Before she had a chance to slip on a robe, Meena heard a sound outside her door. She looked out the peephole. There they were. Red roses. A huge bouquet of them.

Her heart swelled. He was crazy. And too extravagant.

Yes, he was a prince.

But this was too much.

Meena unlocked the door and opened it a crack.

“Thanks so much,” she said to the flower deliveryman. “Do you have change for a ten?”

That was when he lowered the roses away from his face.

And Meena, for the first time in her life, knew that she was the one about to die.

Chapter Thirty-five

7:00 P.M. EST, Friday, April 16

910 Park Avenue, Apt. 11B

New York, New York

The most amazing thing-to Meena, anyway-was that she never would have guessed he was a killer. Not at first glance, anyway. He was dressed so nicely, in dark form-fitting jeans, a cashmere sweater, and a long, black leather trench. The scarf around his neck looked as if it were made from cashmere, too-at least from where Meena was standing-and brought out the blue in his eyes…the kind of bright blue eyes that wouldn’t have been out of place on some hunky blond heartthrob making his way down a red carpet or paddling a surfboard off a sandy white Australian beach.

They hardly looked like the eyes of a killer.

Except that Meena had known that’s what he was from the moment she’d opened the door and he’d brought the big bouquet of red roses down from in front of his face.

Why had she fallen for that old trick?

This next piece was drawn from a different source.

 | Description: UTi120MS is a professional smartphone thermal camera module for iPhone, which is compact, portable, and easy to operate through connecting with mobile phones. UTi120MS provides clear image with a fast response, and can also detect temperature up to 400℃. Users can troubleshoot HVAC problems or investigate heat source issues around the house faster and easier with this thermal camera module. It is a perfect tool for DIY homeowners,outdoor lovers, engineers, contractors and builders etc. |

That bouquet-in-front-of-the-peephole trick? She deserved to get killed just for falling for a trick she’d used a million times herself in her own scripts.

And now here she was, facing down death in nothing but her bra and a black silk slip. She was furious with herself for not having grabbed a robe first, or something she could at least have employed as a weapon…a can of hair spray and a lighter to use as an impromptu flamethrower…even a shoe, for God’s sake, to throw at the guy.

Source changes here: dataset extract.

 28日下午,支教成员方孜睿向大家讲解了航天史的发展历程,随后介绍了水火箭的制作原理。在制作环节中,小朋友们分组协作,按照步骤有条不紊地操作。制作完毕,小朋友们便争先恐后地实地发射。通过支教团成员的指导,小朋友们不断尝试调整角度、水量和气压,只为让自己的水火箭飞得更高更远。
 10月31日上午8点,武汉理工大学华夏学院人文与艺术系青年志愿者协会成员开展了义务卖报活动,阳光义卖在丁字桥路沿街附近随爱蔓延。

But she hadn’t realized how close she was to death until now, when it was too late. All she’d reached for was her BlackBerry, which in almost any scenario was pretty much useless.

And in this case it was just plain pitiful, unless she wanted to call some cops to come over and be killed along with her.

Because no way was this guy going to let himself be arrested without a fight. She could tell that just by looking at his handsome, pitiless face.

And of course, like any proper assassin, he already had a foot wedged firmly inside the jamb, so she couldn’t slam the door shut in his face. It would just bounce harmlessly off the edge of his steel-toed boot.